Beneath this instruction is a listing; print exactly the lines in it starting at the line that contains "軸向型外壓式波紋補償器(TWY)參數6" and going through the line that contains "Coloring page of".

▶ [Input material]
[Start of Attachment]

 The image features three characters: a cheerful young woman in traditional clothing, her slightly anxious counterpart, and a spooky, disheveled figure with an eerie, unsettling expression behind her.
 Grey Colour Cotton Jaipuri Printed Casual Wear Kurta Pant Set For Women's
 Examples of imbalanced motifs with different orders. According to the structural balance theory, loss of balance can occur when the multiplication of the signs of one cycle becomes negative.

[End of Attachment]
[Start of Attachment]

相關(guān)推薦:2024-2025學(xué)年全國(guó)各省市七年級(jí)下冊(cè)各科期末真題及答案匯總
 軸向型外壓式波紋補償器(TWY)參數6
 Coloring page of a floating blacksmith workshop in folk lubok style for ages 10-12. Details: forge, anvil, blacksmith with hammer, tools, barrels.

[End of Attachment]
[Start of Attachment]

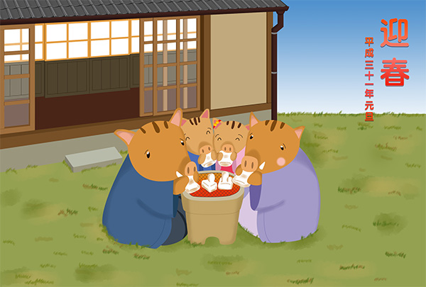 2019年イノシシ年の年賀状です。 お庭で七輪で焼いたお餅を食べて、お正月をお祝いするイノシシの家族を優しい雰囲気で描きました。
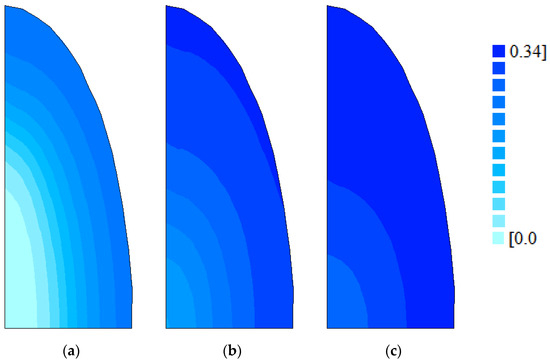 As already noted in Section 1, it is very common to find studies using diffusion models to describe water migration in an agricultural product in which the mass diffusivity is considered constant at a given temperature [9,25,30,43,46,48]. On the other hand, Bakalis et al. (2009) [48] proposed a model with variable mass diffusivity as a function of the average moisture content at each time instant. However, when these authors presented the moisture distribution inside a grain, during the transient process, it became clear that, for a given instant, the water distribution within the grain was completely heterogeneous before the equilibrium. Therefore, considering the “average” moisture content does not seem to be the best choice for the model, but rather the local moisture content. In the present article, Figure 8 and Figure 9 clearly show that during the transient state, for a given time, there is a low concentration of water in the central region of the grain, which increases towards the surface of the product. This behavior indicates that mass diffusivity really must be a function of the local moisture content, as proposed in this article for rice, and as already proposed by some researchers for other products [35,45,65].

[End of Attachment]

▶ [Response below]
 軸向型外壓式波紋補償器(TWY)參數6
 Coloring page of a floating blacksmith workshop in folk lubok style for ages 10-12. Details: forge, anvil, blacksmith with hammer, tools, barrels.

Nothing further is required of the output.